Жихарев согласно кивал голым черепом, брови у него дрожали.
Возвратясь из бани, он одевался франтом, надевал манишку, косынку на шею, выпускал по атласному жилету длинную серебряную цепь и молча уезжал, приказав мне и Павлу:
– К вечеру приберите мастерскую почище; большой стол вымыть, выскоблить!
У всех являлось праздничное настроение, все подтягивались, чистились, бежали в баню, наскоро ужинали; после ужина являлся Жихарев, с кульками закусок, с пивом и вином, а за ним – женщина, преувеличенная во всех измерениях почти безобразно. Ростом она была вершков двенадцати сверх двух аршин, все наши стулья и табуретки становились перед нею игрушечными, даже длинный Ситанов – подросток обок с нею. Она очень стройная, но ее грудь бугром поднята к подбородку, движения медленны, неуклюжи. Ей за сорок лет. но круглое, неподвижное лицо ее, с огромными глазами лошади, свежо и гладко, маленький рот кажется нарисованным, как у дешевой куклы. Жеманно улыбаясь, она совала всем широкую теплую ладонь и говорила ненужные слова:
– Здравствуйте. Морозно сегодня. Как у вас густо пахнет. Это краской пахнет. Здравствуйте.

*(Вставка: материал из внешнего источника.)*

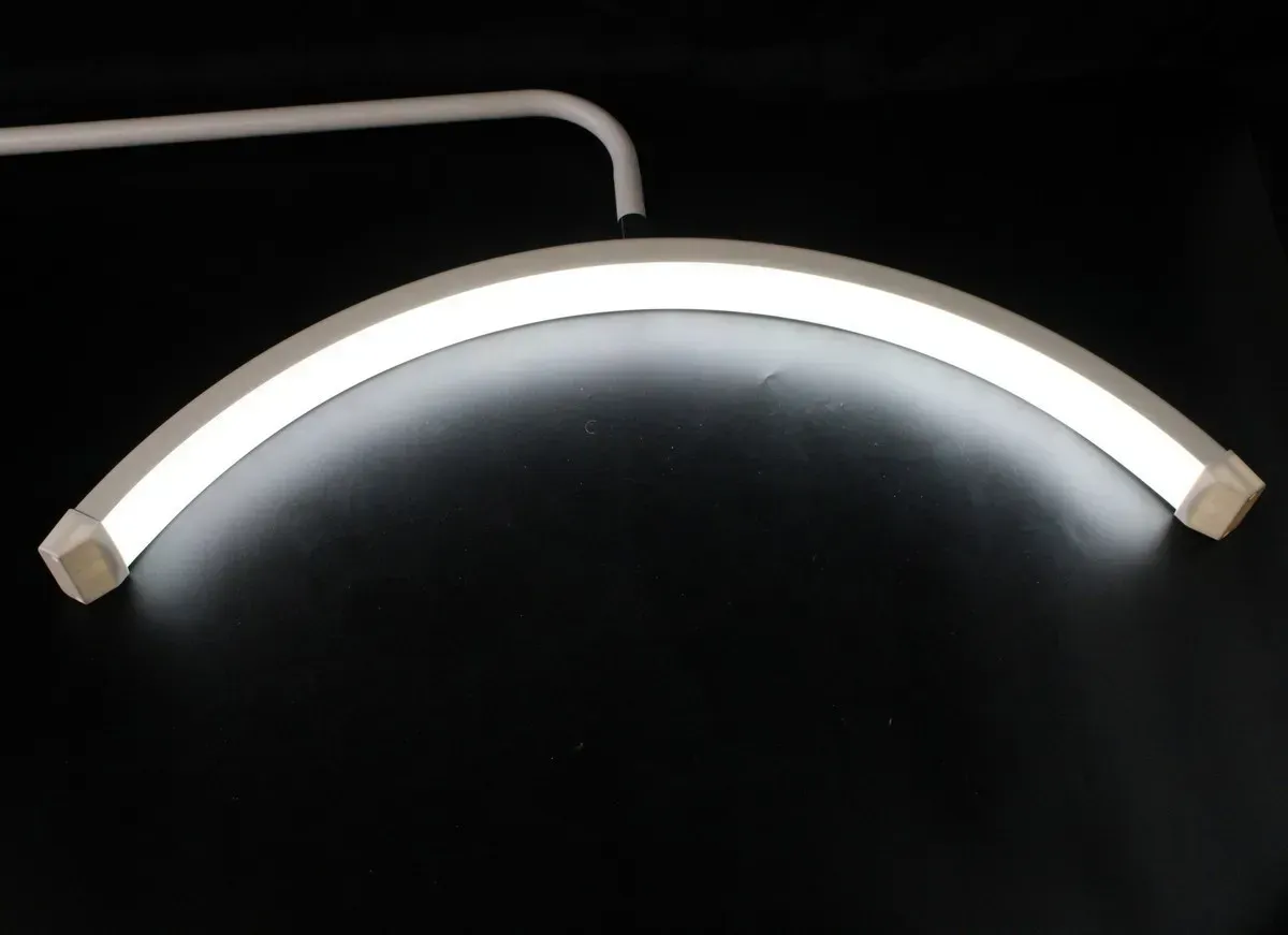 Основой этой лампы является технология, при которой светодиоды располагаются вдоль дуги. Это превращает ее в настоящую бестеневую лампу, способную равномерно и без теней осветить любую рабочую область. Лампа предлагает три режима светимости: естественный, теплый и холодный свет. Переключение между режимами осуществляется при помощи пульта, расположенного на шнуре питания. Также в комплекте поставляется пульт дистанционного управления, при помощи которого можно включать и выключать лампу, переключать режимы свечения. Это позволяет быстро и легко менять освещение в зависимости от задачи и предпочтений мастера.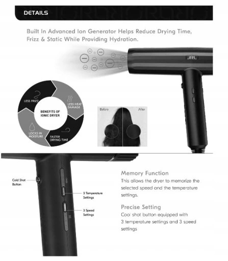 Wbudowany zaawansowany generator jonów pomaga skrócić czas schnięcia, puszenia się i elektryzowania, zapewniając jednocześnie nawilżenie

Смотреть на нее, спокойную и сильную, как большая полноводная река, приятно, но в речах ее – что-то снотворное, все они не нужны и утомляют. Перед тем, как сказать слово, она надувалась, еще более округляя почти багровые щеки.
Молодежь, ухмыляясь, шепчется:
– Вот так машина!
– Колокольня!
Сложив губы бантиком, а руки под грудями, она садится за накрытый стол, к самовару, и смотрит на всех по очереди добрым взглядом лошадиных глаз.
Все относятся к ней почтительно, молодежь даже немножко боится ее, смотрит юноша на это большое тело жадными глазами, но когда с его взглядом встретится ее тесно обнимающий взгляд, юноша смущенно опускает свои глаза. Жихарев тоже почтителен к своей гостье, говорит с нею на "вы", зовет ее кумушкой, угощая, кланяется низко.
– Да вы не беспокойтесь, – сладко тянет она, – какой вы беспокойный, право!
Сама она живет не спеша, руки ее двигаются только от локтей до кисти, а локти крепко прижаты к бокам. От нее исходит спиртной запах горячего хлеба.
Старик Гоголев, заикаясь от восторга, хвалит красоту женщины – точно дьячок акафист читает, она слушает, благосклонно улыбаясь, а когда он запутается в словах – она говорит о себе:
– А в девицах мы вовсе некрасивой были, это всё от женской жизни прибавилось нам. К тридцати годам сделались мы такой примечательной, что даже дворяне интересовались, один уездный предводитель коляску с парой лошадей обещали…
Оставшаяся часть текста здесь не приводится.